Hark; is that a racist dog-whistle I hear yonder...?

Let's be honest. When Tolley talks about kaimoana-gathering, dope-growing, intergenerationally-unemployed beneficiaries on the East Coast, the "people like that" she's referring to are Maori. Or, rather, what she *thinks* of Maori. (In my experience, the invocation of stereotypes almost invariably indicates *far* more about nature of the the stereotyper than the group being stereotyped)

And while it's true that Maori have been disproportionately done over by three decades of neoliberal economic malaise (as of 2013, 80.3% of beneficiaries in Gisbourne and 56.8% in the wider Hawke's Bay were Maori, for instance); the fact that the Minister can't proffer a better explanation for this than 'they've picked up a cool-looking lifestyle their parents showed them' betrays the trademark and woeful lack of vision, empathy and understanding of the issues that we've sadly come to expect from Tolley.

To her credit (and my frank surprise), she rejected Garner's goading use of the term "Bludgers", and explicitly acknowledged that the vast majority of Kiwis drawing an unemployment benefit *do* in fact use the welfare system as intended to support themselves through tough times rather than a means to fund an "alternative" lifestyle.

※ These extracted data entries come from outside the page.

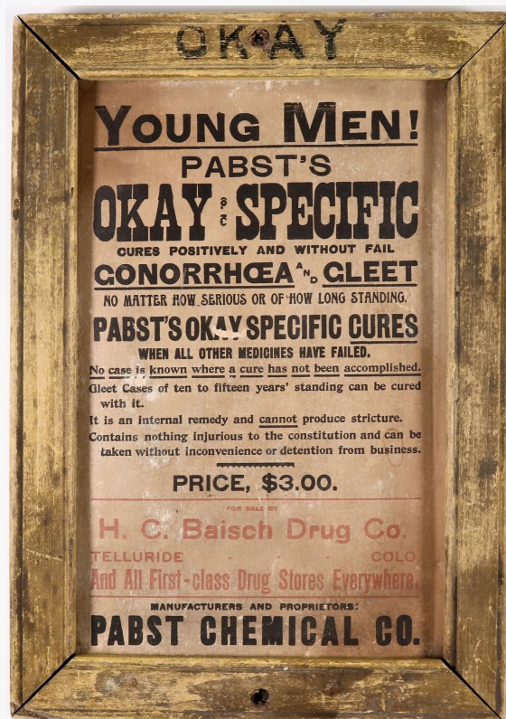
Colorado Pabst Chemical Company cures broadside ("positively and without fail cures gonorrhea and gleet"), housed in a 10 ½ inch by 7 ½ inch frame ($212.50).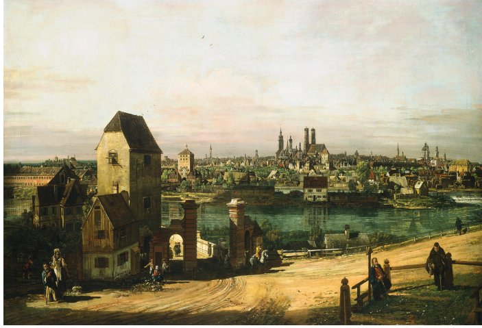
Figure 1: Munich in a 1761 painting by Canaletto

good reason. A young city’s policy is unlikely to be informed by its shape. But for any mature city this seems more difficult to justify. Surely policy adapts much quicker to its surrounding physical structures than these structures do to policy? Once the city has developed its shape – subject not just to early policy but also to numerous other forces of history (e.g. hinterland safety, political institutions, past zoning) and geography (e.g. topography and soil texture) – policy should (also) be expected to follow shape.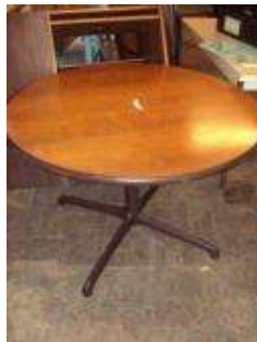
#68 – 41" Round table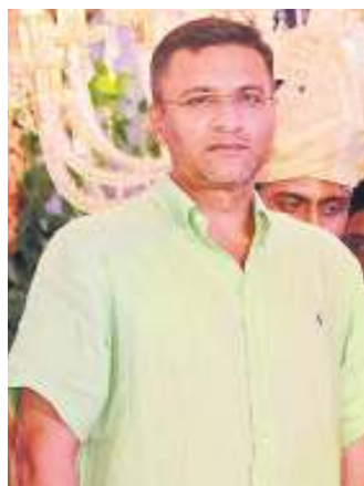
● Akbaruddin Owaisi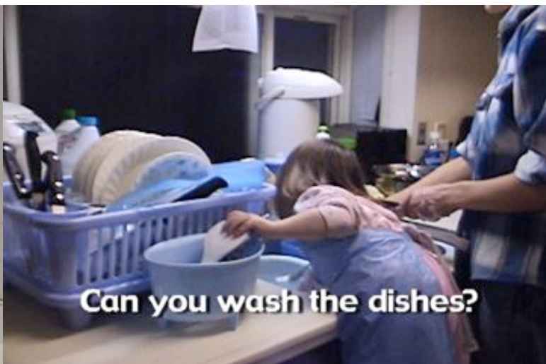
Can you wash the dishes?

But the implicit message in the rest of Tolley's words seems all too clear. National will trumpet till the dairy-farm ownership comes home *any* reduction in beneficiary numbers as evidence they're capable of doing something about unemployment (even if the *actual* reduction in the number of "work ready" Jobseeker beneficiaries from this time last year is only 2,217 - while more than half the remaining negative 10,000 is attributable to the litany of potentially non-employment related reasons why one might stop receiving a Sole Parent Support benefit). But when pushed to explain *why*, if they're so good at job-creation, there's still more than 300,000 Kiwis reliant on welfare for their daily bread ... all they have to offer is "it's not our fault the stats include lazy Maori and the disabled/long-term impaired. Ignore them. They don't matter. Everything's peachy on Planet Key!"

I'll save for a future post a more in-depth commentary and analysis on why it might be that some beneficiaries may feel they have to resort to the proceeds of crime or relying on nature's bounty rather than the state in order to feed their families. In the mean-time, if you're one of the nearly 70,000 "work-ready" Kiwis still on an unemployment benefit who're having difficulty finding gainful employment ... Marie AnTollynet has this suggestion for you: "Let Them Pick Kiwifruit."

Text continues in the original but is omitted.